- Task requirements: With the pictures omitted, repeat exactly the lines below starting with the line that has "وتأمَّلْ كيف حقّق" and going on through the line that has "It's an underwater".
•••
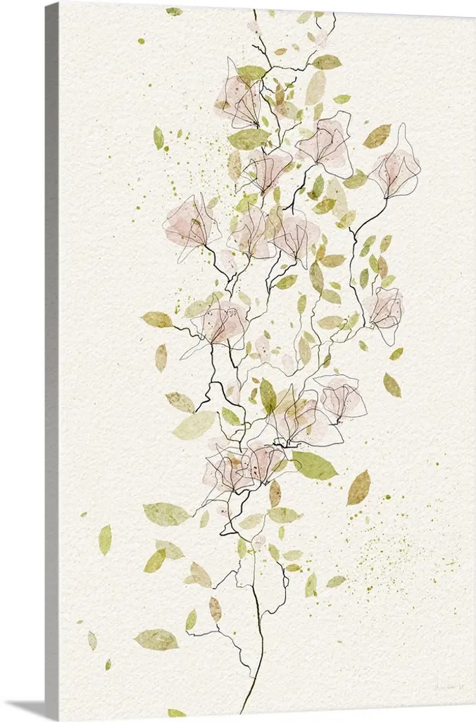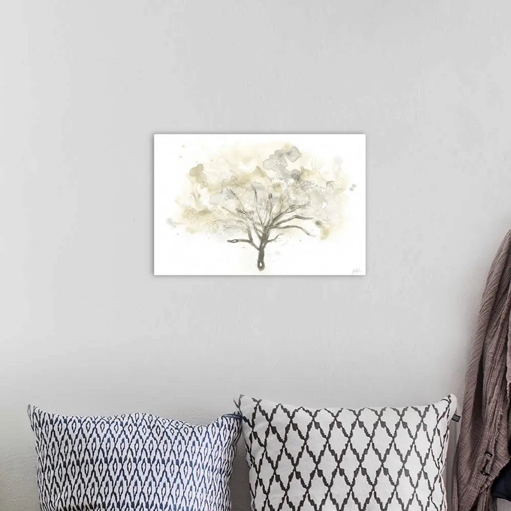 Watercolor painting of a tree in watered down brown shades with blurred spots.
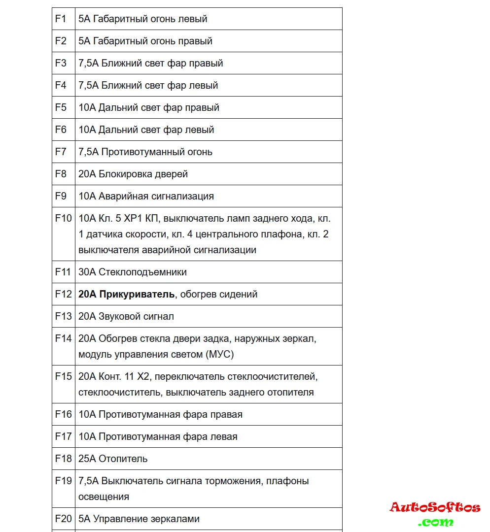 За прикуриватель отвечает предохранитель номер 12 на 20А.
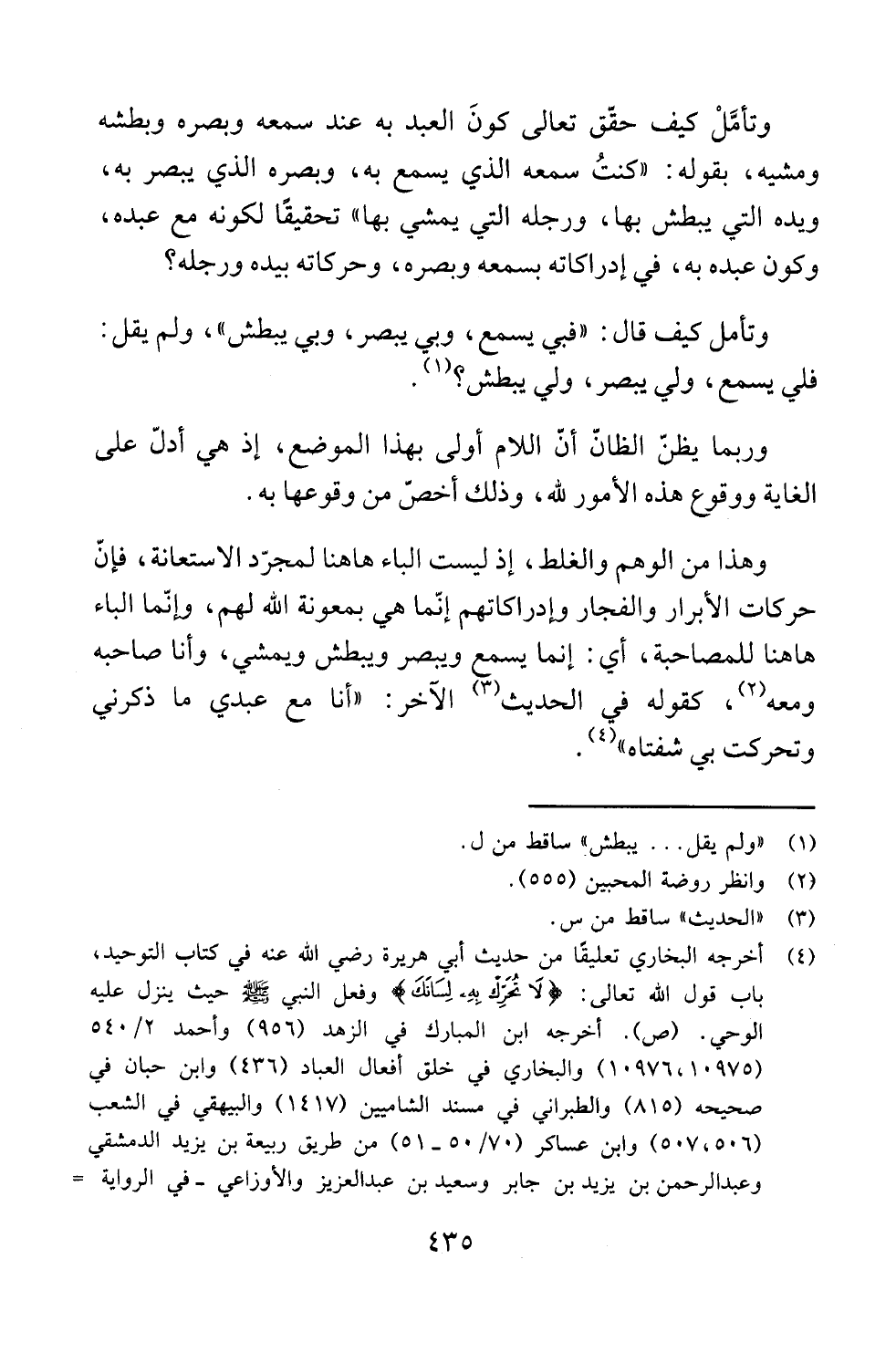 وتأمَّلْ كيف حقّق تعالى كونَ العبد به عند سمعه وبصره وبطشه ومشيه، بقوله: "كنتُ سمعه الذي يسمع به، وبصره الذي يبصر به، ويده التي يبطش بها، ورجله التي يمشي بها" تحقيقًا لكونه مع عبده،
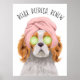 Affiche d'art drôle et motivationnel avec une illustration peinte à la main d'un Chien Roi Charles Espagnol obtenant un visage avec un bandeau rose et des tranches de concombre. Le texte en haut dit "détendre, rafraîchir, renouveler". Parfait pour un spa ou votre salon.
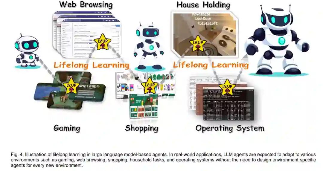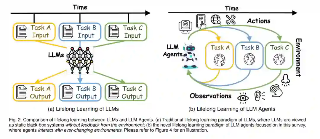将终身学习融入LLM智能体的动机源于开发能够不仅适应新任务,还能在广泛的动态环境中保留并应用先前知识的智能系统的需求,这与Legg等人[5]将智能定义为快速适应广泛环境的观点相契合。目前,现有的LLM智能体通常被开发为静态系统,限制了它们在面对新挑战时的演变能力。此外,大多数关于LLM的终身学习研究[1],[4]集中于处理不断变化的数据分布,而非与环境进行互动。例如,通过持续微调LLM以适应特定领域的指令[1]。然而,这些方法仍将LLM视为静态黑箱系统,并未解决LLM在真实世界环境中进行互动学习的实际需求。图2比较了传统的终身学习范式与本调查中讨论的、LLM智能体与动态环境互动的新范式。 在现实世界的应用中,LLM智能体需要适应多样的环境,如游戏、网页浏览、购物、家庭任务和操作系统,而无需为每个新情境设计单独的智能体。通过引入终身学习能力,这些智能体可以克服这一局限性。它们能够持续学习并存储来自多种模态(如视觉、文本、传感数据)的知识,使其在环境变化时能够进行实时适应和决策[18]–[21]。将终身学习融入LLM智能体,可以释放它们在动态现实应用中的全部潜力[22],[23]。因此,这些智能体能够不断演变、获得新知识,并保持关键信息,从而增强其适应性和多功能性。这个持续学习的过程对那些挑战不断出现的环境尤为重要,如自主机器人、互动助手和自适应决策支持系统[14]。图4展示了一个终身学习的LLM智能体示意图。
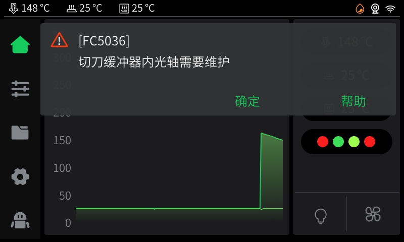 CFS-C系统实时记录切刀切割耗材的有效次数;当切刀切割次数达到6万次后,打印机将会弹窗提示。
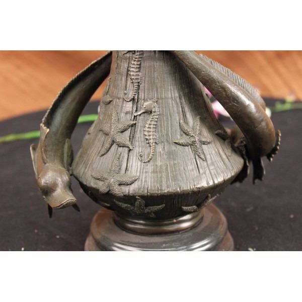 It's an underwater discovery. Two curious fishes circle a vase thathas sunk to their ocean floor. Starfish and seahorses have alreadymade this vase their home, clinging to its sides. The fishes brushalong the sides cautiously, inspecting the strange artifact. Carefullydetailed, you can feel the scales of the fish and seahorses and thegentle bumps of the starfish. It is a perfect gift for any mariner'svessel. 100% bronze and handmade, this brown patina sculpture, whichis mounted on a black marble base, was cast using the "Lost WaxMethod" and signed by the artist L.L. Blairsy.Leo Laporte-Blairsy (1867-1923) Paris. He studied under Falguiereand Mercie. Like may of his time, he exhibited at the Salon DesArtistes Francais, winning numerous medals in the 1890's, becoming aChevalier of the Legion of Honour in 1903. Condition: This sculpture is in a very Good condition. Bronze Dimensions with Marble Base:Height 13" x Width 9" Marble Dimensions:Diameter 5" Height without base: 11" Weight :9 LBS Inventory : 63B6715636
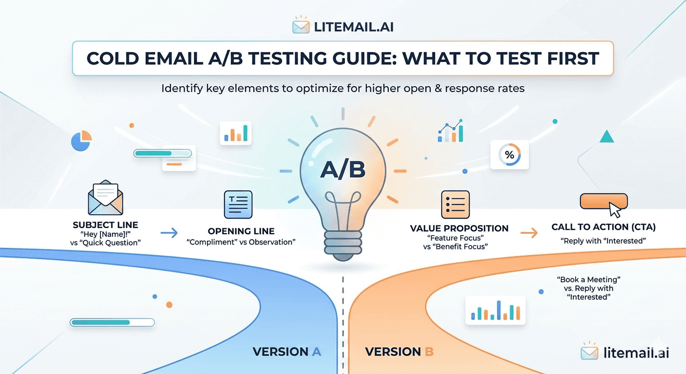 The average B2B cold email reply rate in 2026 is 3.43%. Teams that run disciplined, sequential A/B tests consistently push past 8%. That gap — 3.43% to 8%+ — isn't copy talent. It's systematic testing. But most cold email A/B testing is done wrong: changing two variables at once, testing on lists too small to generate meaningful data, or testing the wrong elements in the wrong order. This guide fixes that.
•••
- Result below:
 وتأمَّلْ كيف حقّق تعالى كونَ العبد به عند سمعه وبصره وبطشه ومشيه، بقوله: "كنتُ سمعه الذي يسمع به، وبصره الذي يبصر به، ويده التي يبطش بها، ورجله التي يمشي بها" تحقيقًا لكونه مع عبده،
 Affiche d'art drôle et motivationnel avec une illustration peinte à la main d'un Chien Roi Charles Espagnol obtenant un visage avec un bandeau rose et des tranches de concombre. Le texte en haut dit "détendre, rafraîchir, renouveler". Parfait pour un spa ou votre salon.
将终身学习融入LLM智能体的动机源于开发能够不仅适应新任务,还能在广泛的动态环境中保留并应用先前知识的智能系统的需求,这与Legg等人[5]将智能定义为快速适应广泛环境的观点相契合。目前,现有的LLM智能体通常被开发为静态系统,限制了它们在面对新挑战时的演变能力。此外,大多数关于LLM的终身学习研究[1],[4]集中于处理不断变化的数据分布,而非与环境进行互动。例如,通过持续微调LLM以适应特定领域的指令[1]。然而,这些方法仍将LLM视为静态黑箱系统,并未解决LLM在真实世界环境中进行互动学习的实际需求。图2比较了传统的终身学习范式与本调查中讨论的、LLM智能体与动态环境互动的新范式。 在现实世界的应用中,LLM智能体需要适应多样的环境,如游戏、网页浏览、购物、家庭任务和操作系统,而无需为每个新情境设计单独的智能体。通过引入终身学习能力,这些智能体可以克服这一局限性。它们能够持续学习并存储来自多种模态(如视觉、文本、传感数据)的知识,使其在环境变化时能够进行实时适应和决策[18]–[21]。将终身学习融入LLM智能体,可以释放它们在动态现实应用中的全部潜力[22],[23]。因此,这些智能体能够不断演变、获得新知识,并保持关键信息,从而增强其适应性和多功能性。这个持续学习的过程对那些挑战不断出现的环境尤为重要,如自主机器人、互动助手和自适应决策支持系统[14]。图4展示了一个终身学习的LLM智能体示意图。
 CFS-C系统实时记录切刀切割耗材的有效次数;当切刀切割次数达到6万次后,打印机将会弹窗提示。
 It's an underwater discovery. Two curious fishes circle a vase thathas sunk to their ocean floor. Starfish and seahorses have alreadymade this vase their home, clinging to its sides. The fishes brushalong the sides cautiously, inspecting the strange artifact. Carefullydetailed, you can feel the scales of the fish and seahorses and thegentle bumps of the starfish. It is a perfect gift for any mariner'svessel. 100% bronze and handmade, this brown patina sculpture, whichis mounted on a black marble base, was cast using the "Lost WaxMethod" and signed by the artist L.L. Blairsy.Leo Laporte-Blairsy (1867-1923) Paris. He studied under Falguiereand Mercie. Like may of his time, he exhibited at the Salon DesArtistes Francais, winning numerous medals in the 1890's, becoming aChevalier of the Legion of Honour in 1903. Condition: This sculpture is in a very Good condition. Bronze Dimensions with Marble Base:Height 13" x Width 9" Marble Dimensions:Diameter 5" Height without base: 11" Weight :9 LBS Inventory : 63B6715636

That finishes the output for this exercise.